= Merchants of the Staple =

The Company of Merchants of the Staple of England, the Merchants of the Staple, also known as the Merchant Staplers, is an English company incorporated by Royal Charter in 1319 (and so the oldest mercantile corporation in England) dealing in wool, skins, lead and tin which controlled the export of wool to the continent during the late medieval period. The company of the staple may perhaps trace its ancestry back to Merchant Guilds as far as 1248 or even further.

==History==
From 1314, the Crown required all wool for export to be traded at a designated market, called 'The Staple'. This allowed the Crown to monitor the trade and levy tax on exports. A prominent merchant, called the Mayor of the Staple was charged with running the Staple for the Crown.

The staple was first fixed at Antwerp then successively moved to Saint-Omer, Bruges, Brussels, Louvain, Mechelen and Calais. In 1353 the staple was fixed at Westminster which drew so much business it was raised to the dignity of a town, in 1378 it was removed to Staple Inn, Holborn where it continued.

===The staple at Calais===
After Calais was conquered in 1347 by the English, Calais was the staple from 1363, after that right had been assigned in turns to Bruges and Antwerp in the first half of the 14th century. A group of twenty-six traders was incorporated as the Company of the Staple at Calais. In exchange for its cooperation in the payment of taxes, the company was granted a total monopoly on wool exports from England. The company was important to the English crown, both as a source of revenue, and through its role in the defence of Calais against the French.
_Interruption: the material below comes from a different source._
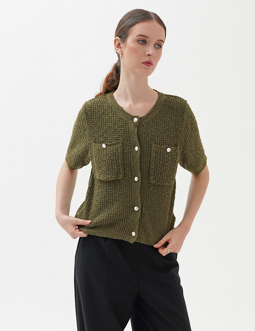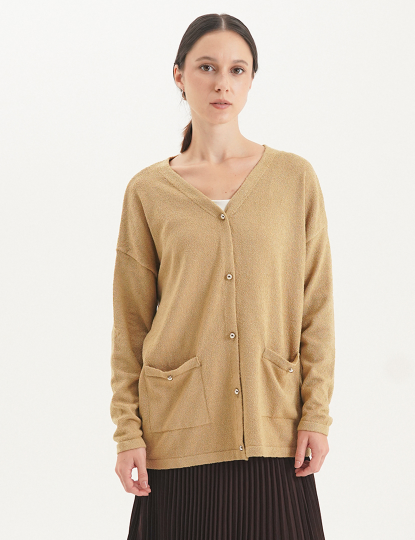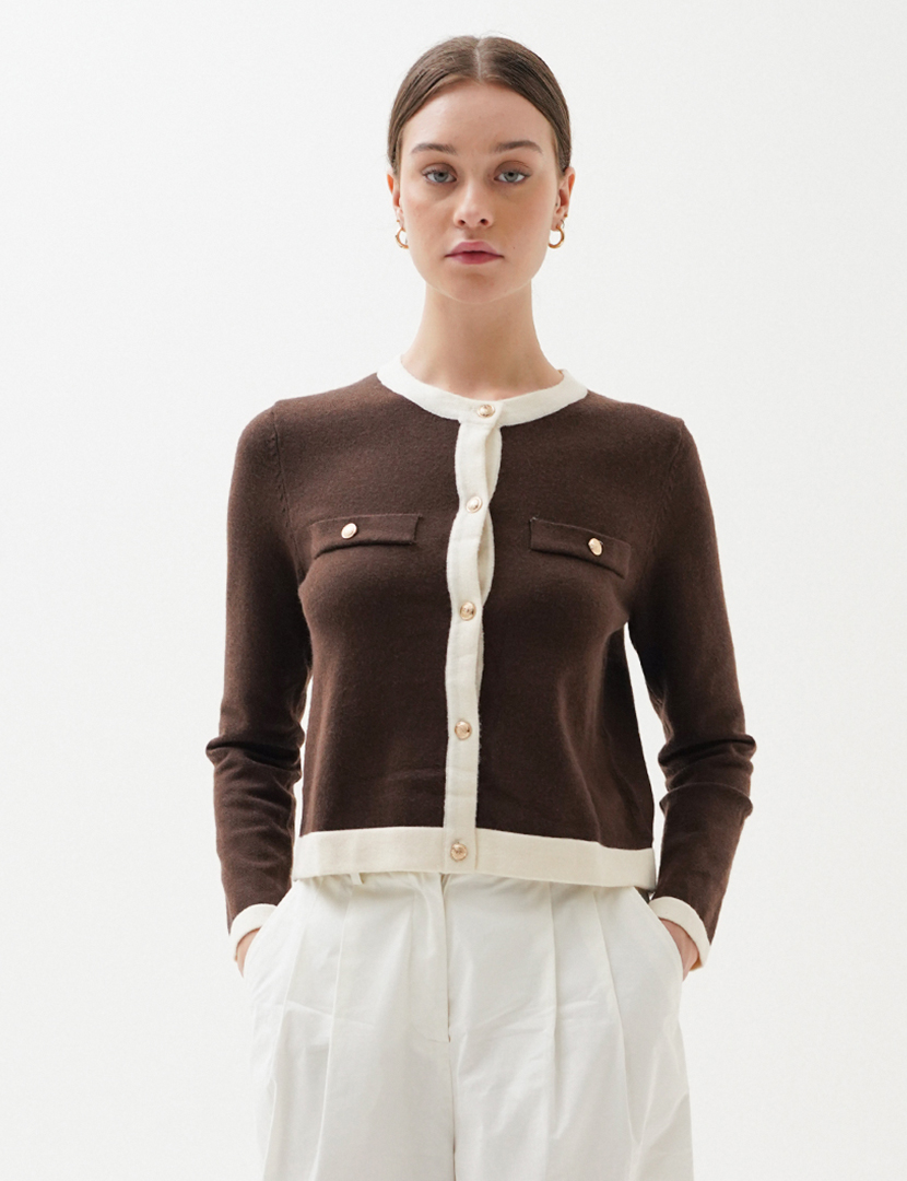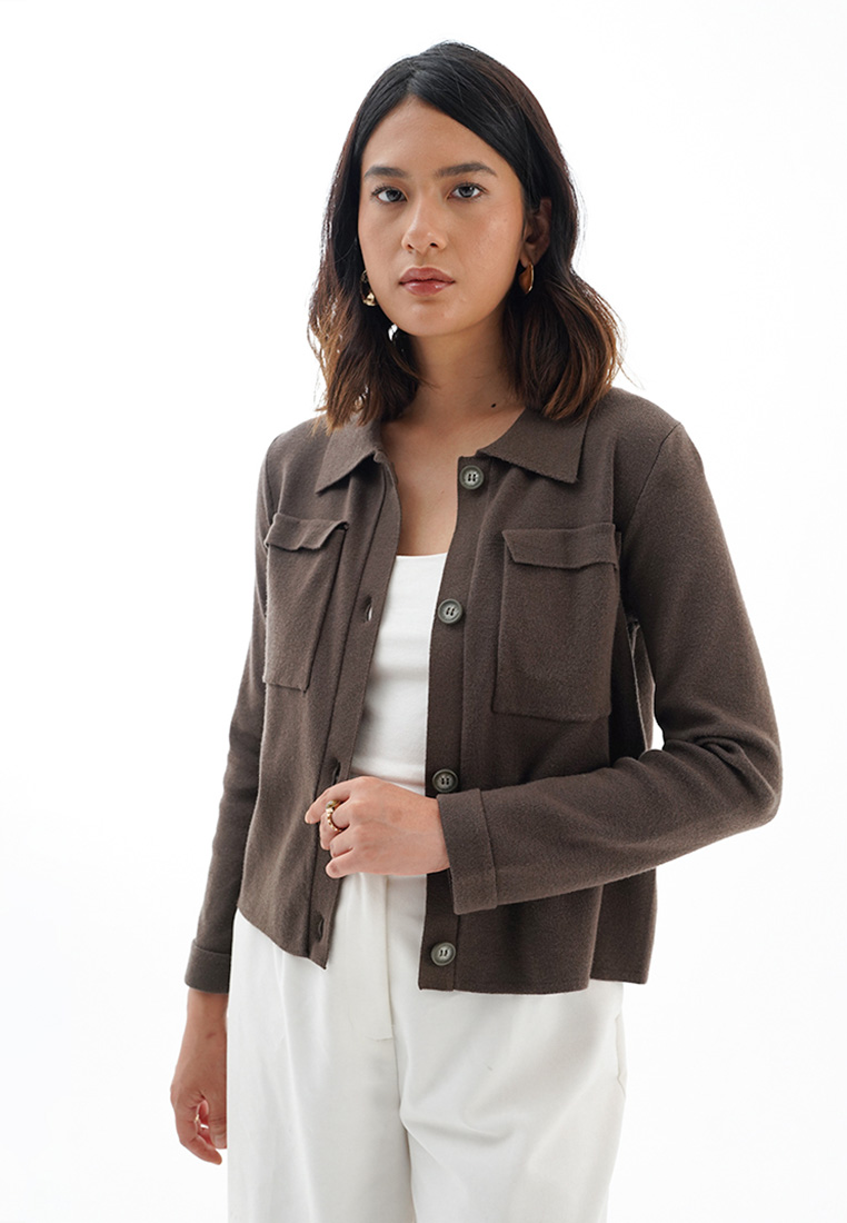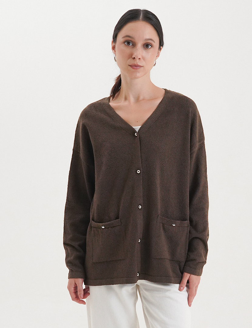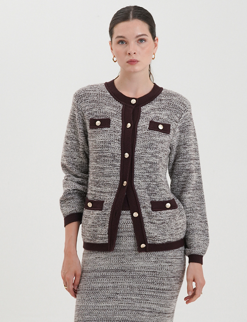 Fall Collection Tweed Pattern Double Pocket Cardigan Dark Brown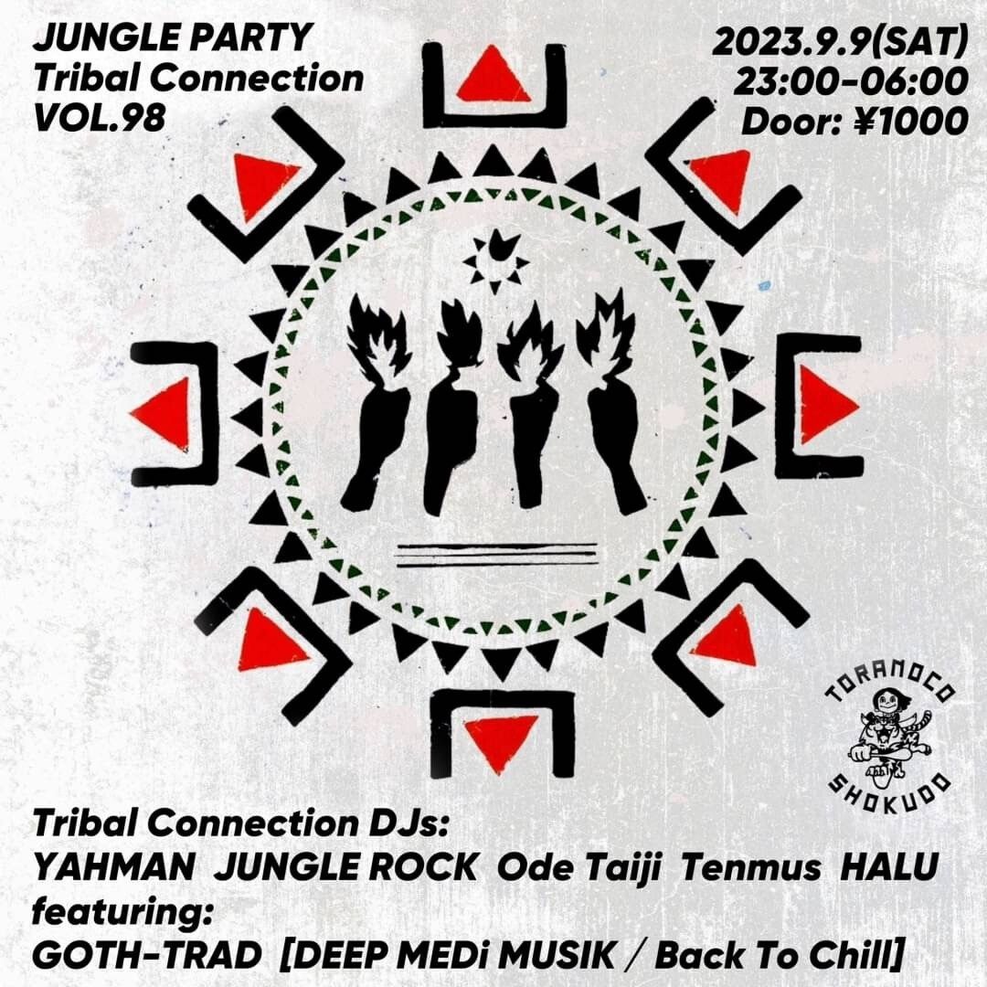 Reggae/Dubの力強さ、脈々と現代に繋がっているSoundsystem Cultureの重低音、Raggaの激熱咆哮と存在感、Jazz/Soul/Funk/Hiphopなどの刻みに即興感、HouseやTechnoの反復の快楽、Raveの天井知らずの高揚感、心躍る各地のメロディにリズム、生~電子楽器など、様々な音の要素を吸収しそれらを疾走感あふれるブレイクビーツと重低音に乗せて一気に放ち音の密林へ誘う血湧き肉躍る雑食ダンスミュージック=JUNGLEを中心に、黄金のBass CultureとRave Cultureを結びつけ、熱い音を楽しめるパーティー、それがTribal Connection。トラコネことTribal Connectionは2009年に始動、現在渋谷の虎子食堂にて奇数月第2土曜に開催中。

As domestic cloth production increased, raw wool exports were less important, diminishing the power of the Merchants. In 1558, with the loss of Calais to the French, the staple was transferred to Bruges where the Merchant Staplers continued to enjoy their monopoly on exports. However, in 1614, export of raw wool was banned entirely during the Cockayne Project under the direction of William Cockayne and wool was traded only in domestic staples. The project failed however, because the States-General of the Netherlands banned the import of cloth from England. In 1617 the English lifted their ban, but the Dutch ban remained in place. The Merchant Staplers continued to exist, but only in local markets.

==21st century==
The Company still exists, based in Yorkshire, and makes charitable contributions through bursaries and awards to charities involved in the wool business such as the Nuffield Trust, and to educational travel.

==Notable staplers==
Richard Whittington, Lord Mayor of London, was simultaneously Mayor of the Calais Staple, an office also held by William Browne (1410-1489); Sir Henry Keble, Lord Mayor of London under Henry VIII; Thomas Davenport, Mayor of Leicester, was also a Stapler, as was Henry Plankney (c. 1480-1535) from Grayingham, Lincolnshire. The surviving letters of John Johnson of the manor of Glapthorn, Northamptonshire, provide an insight into the life of a sixteenth-century merchant of the Staple.